Papa Francesco sottolinea che in nome di Dio “va cercata la composizione dei contrasti e la fraternità della diversità”, affermando la proprio identità, ma al tempo stesso sviluppando “il coraggio dell’alterità”, che comporta “il riconoscimento pieno dell’altro e la sua libertà e il conseguente impegno a spendermi perché i suoi diritti fondamentali siano affermati sempre, ovunque e da chiunque”, perché “senza libertà non si è più figli della famiglia umana ma schiavi”.
Questo coraggio della libertà include, prima di tutto, la libertà religiosa, che “non si limita alla sola libertà di culto, ma vede nell’altro veramente un fratello, un figlio della mia stessa umanità che Dio lascia libero, che pertanto nessuna istituzione umana può forzare, nemmeno in nome suo”.
Papa Francesco poi chiede che il dialogo sia “sincero nelle intenzioni”, perché la finzione lo compromette, e per questo c’è bisogno di preghiera, che “incarna il coraggio dell’alterità nei riguardi di Dio”, e “purifica il cuore dal ripiegamento di sé”.
Papa Francesco sottolinea con forza il compito delle religioni, che “non possono rinunciare al compito urgente di costruire ponti tra i popoli e le culture”, e dunque sono chiamate a spendersi “più attivamente, con coraggio e audacia, senza infingimenti, per aiutare la famiglia umana a maturare la capacità di riconciliazione, la visione di speranza e gli itinerari concreti di pace”.

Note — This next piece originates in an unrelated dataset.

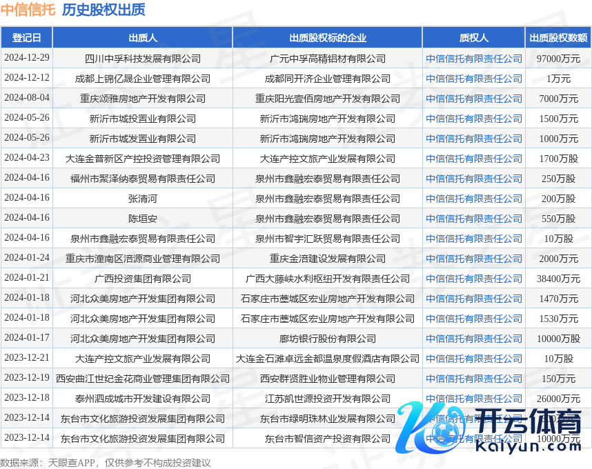 本站音书体育游戏app平台,笔据天眼查APP露出,在12月29日登记的一则股权出质信息(登记编号:510800202412300002)中,四川中孚科技发展有限公司出质其所捏有的广元中孚高精铝材有限公司股权,出质股权数额为97000万元,质权东谈主为中信相信有限职守公司。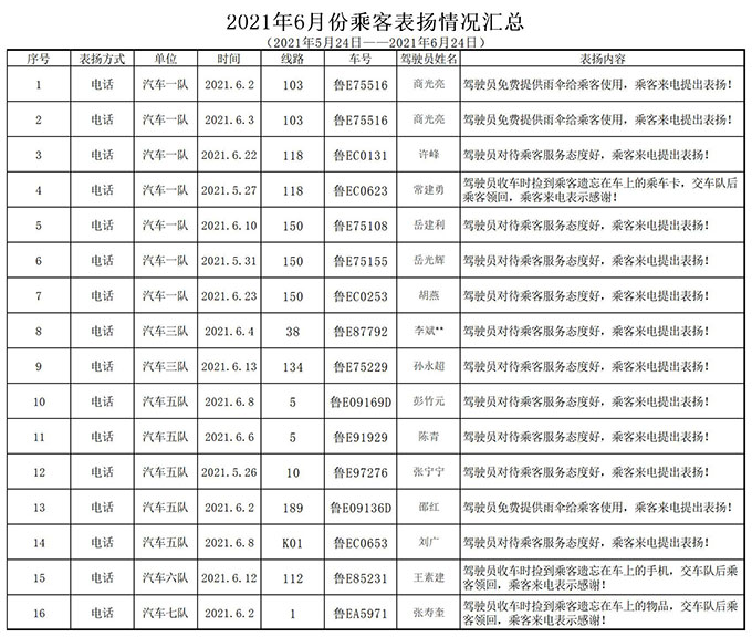 近段時間以來,廣大駕駛員按照公司的部署,在做好疫情防控的同時,積極投身公交服務質量提升工作。經(jīng)過持續(xù)不斷的努力,公交服務質量明顯提高,涌現(xiàn)了一大批的好人好事,受到乘客的好評。為繼續(xù)提高工作積極性,形成“比、學、趕、幫、超”的良好氛圍,現(xiàn)將2021年5月24日至2021年6月24日期間通過公交服務熱線受到乘客表揚的駕駛員予以通報。

Il Papa chiede di investire sula cultura, per favorire una decrescita dell’odio, dato che “educazione e violenza sono inversamente proporzionali”, ricorda l’impegno degli istituti cattolici nel “promuovere l’educazione alla pace e alla conoscenza reciproca per prevenire la violenza”, mette in luce che i giovani “hanno bisogno di imparare a non cedere alle seduzioni del materialismo, dell’odio e dei pregiudizio,” ma anche “a reagire all’ingiustizia e anche alle dolorose esperienze del passato”, e a “difendere i diritti degli altri con lo stesso vigore con cui difendono i propri diritti”.